Below is a comprehensive examination of global inflation rates spanning from 1980 to 2024 across 196 countries. We will explore data tidying, thorough cleaning, and a nuanced analysis, with particular emphasis on distinguishing between hyperinflation and non-hyperinflation periods. The data was collected by the World Bank [https://data.worldbank.org/] and transformed on Kaggle by SAZIDUL ISLAM [https://www.kaggle.com/datasets/sazidthe1/global-inflation-data].
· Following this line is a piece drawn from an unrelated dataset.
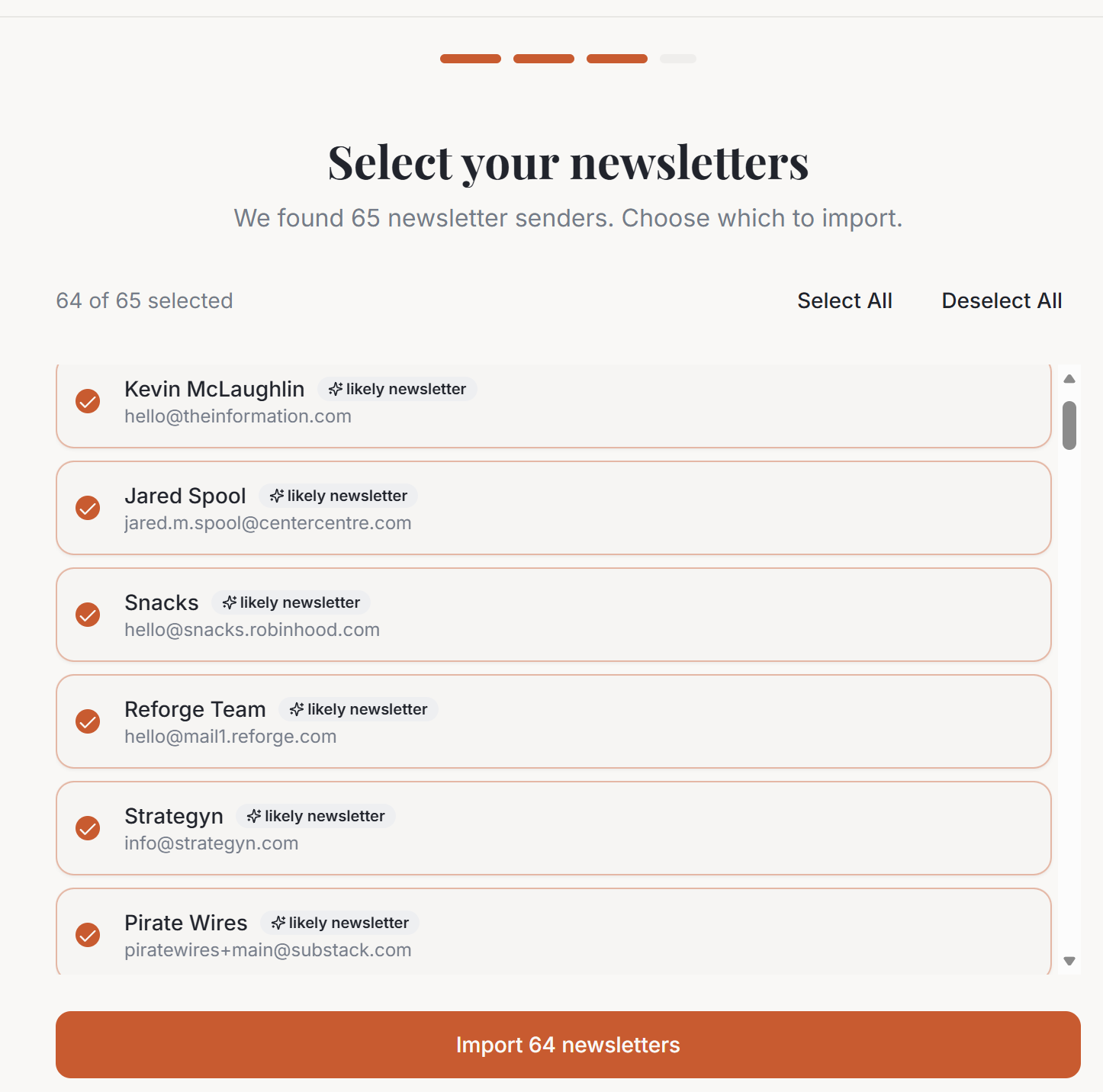Folio connects to your Gmail, automatically detects recurring newsletters in your inbox, and lets you select the ones you want to read into a separate reading space called Folio.

Functions such as pivot_longer in tidyr and filter from dplyr are used in this analysis.
library(tidyverse)
## ── Attaching core tidyverse packages ──────────────────────── tidyverse 2.0.0 ──
## ✔ dplyr 1.1.4 ✔ readr 2.1.4
## ✔ forcats 1.0.0 ✔ stringr 1.5.1
## ✔ ggplot2 3.4.4 ✔ tibble 3.2.1
## ✔ lubridate 1.9.3 ✔ tidyr 1.3.0
## ✔ purrr 1.0.2
## ── Conflicts ────────────────────────────────────────── tidyverse_conflicts() ──
## ✖ dplyr::filter() masks stats::filter()
## ✖ dplyr::lag() masks stats::lag()
## ℹ Use the conflicted package (<http://conflicted.r-lib.org/>) to force all conflicts to become errors
library(dplyr)
The data set is a csv file that is pulled from a GitHub link.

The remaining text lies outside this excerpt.